After upload, the TxData LED starts flashing, indicating that serial transmit is happening.
If you don't open a Serial Monitor or a terminal program, or any program that takes data from the serial port, the TxD LED will eventually stop flashing. What happened? Well, nothing was taking the data over the USB port, The TxD LED is controlled by the USB<-->Serial chip, and once the serial buffer is full, the LED comes on and stays on.
If uou unplug and replug the Arduino, the TxD LED will not come on.

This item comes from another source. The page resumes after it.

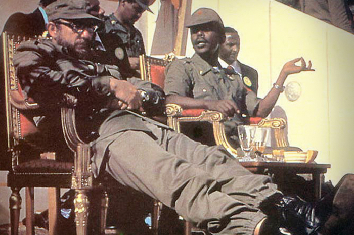 Фидель Кастро и Менгисту Хайле Мариам на параде, устроенном в честь кубинского лидера .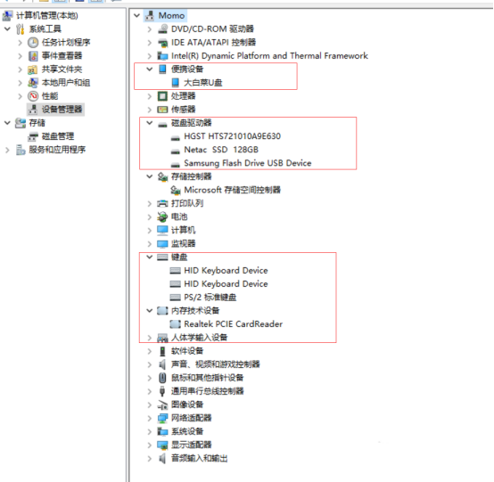 依次点击右侧的各种驱动器、控制器、设备,查找是否有之前记住的那个名字,着重查找便携设备、磁盘驱动器、存储控制器、键盘等,有可能你的U盘被识别成了其他设备;

This does not mean that the AVR on the board is not transmitting; only that the LED is not being turned on by the USB<-->serial adapter, because there is nothing on the PC connecting to the USB the Arduino is on.
Were you to connect the TxD line to the RxD line of another Arduino, you would see that it's still transmitting.
Here's a little experiment to help convince you that it works.
Attach a resistor (I used 100 ohms) and an LED in series between TxD (pin 1) and +5V. Plug tyou Arduino in. You'll see that even though the board's TxD LED does not flash, the LED you attached does flash, because it IS sending data.
Now change your sketch to send a longer string, say 50 characters or so, and make the delay() 500. Open the Serial Monitor, and observe the LEDs. They will both flash in uison, and the string will appear on the Serial Monitor. Exit the monitor and let the Arduino keep running. Soon, the Arduino's LED will stay on, indicatind a full buffer, but the LED you attached will keep flashing. Why? Because the Serial Monitor WAS attached, and communicated with the Arduino, and when you detached Serial Monitor, the Arduino stopped having its Serial Buffer emptied.
Remember, USB is NOT the same as Serial. it requires handshaking to take data out of the buffer.